The utilities urge us to specify in advance a trigger that would initiate either a reconsideration of the physical contract allocations we adopt today, or a financial adjustment to the allocation of DWR's revenue requirement among the utilities.For example, SCE recommends that we establish a trigger to reallocate the DWR revenue requirement among utilities if restructuring of any contract changes the above-market cost by the greater of 10 percent of the original contract's above-market costs, or $10 million. Under SCE's proposal, the Commission would reallocate the resulting change in above-market costs equitably among the utilities in proportion to the share of above-market costs associated with today's adopted contract allocation. PG&E proposes a trigger that would adjust the physical contract allocation adopted today based on an energy threshold, in the event of either contract restructuring or termination. SDG&E draws from PG&E's and SCE's proposals and recommends a trigger mechanism that is based on changes to the amount of energy, capacity or above-market costs.45
We do not adopt any of the utilities' proposals for a trigger mechanism. As discussed above, we believe that the best way to coordinate DWR contracts with utility resources is to put them in the utilities' resource portfolios to be scheduled and dispatched by the utilities. This decision, along with a decision on the utilities' procurement plans, will enable the utilities to move forward with their procurement planning and determine the appropriate combination of long-term and short-term energy and capacity needed to meet their individual residual net short requirements.
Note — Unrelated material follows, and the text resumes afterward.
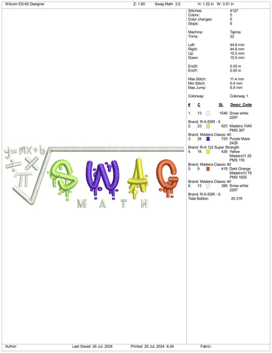 Archivos de bordado Swag Math - 3 tamaños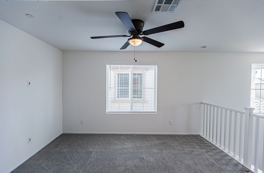 Home comes with solar panels to help you save on energy bill! Introducing a stunning home located in the desirable Skye Hills masterplan community in Las Vegas, NV. with included solar panels to offset some of the electricity usage. This spacious four-bedroom, three-bathroom house boasts modern stainless steel appliances, a covered patio for outdoor entertaining, and the convenience of a bedroom downstairs. Upgraded white cabinets with frost quartz countertops are in the kitchen and bathrooms. The master bedroom has a beautiful view of the mountains and offers a large walk-in shower after a long day. On the other end of the house, you have an unobstructed city view. Enjoy the added security and privacy of living in a gated community and the cost-saving benefits of solar panels included with the home. This home is certified by the Department of Energy as an Energy Home. Convenient to shopping, schools, and highway access.

In our view, adopting an advance trigger mechanism to reconsider the contract allocation we adopt today would insert an unacceptable level of additional uncertainty and complexity into the procurement process going forward. If a DWR contract were renegotiated and the trigger criteria were met, each utility would be placed in the position of trying to plan for future needs not knowing which DWR contracts might be removed from its current portfolio, added from another utility's portfolio, or a combination of both. Until the Commission took final action in response to the "triggered" reallocation proceeding, this uncertainty would persist. Based on our experience with the contract allocation process to date, revisiting this issue would take a significant amount of time and resources. Moreover, any such future reallocation process would be further complicated by the fact that the utilities would already have made procurement decisions and commitments based on the allocation we adopt today. While SCE's proposal to establish a financial adjustment trigger appears to avoid these particular problems, it relies upon an above-market cost metric (both in the trigger and response) that has not been carefully scrutinized or adopted by the Commission.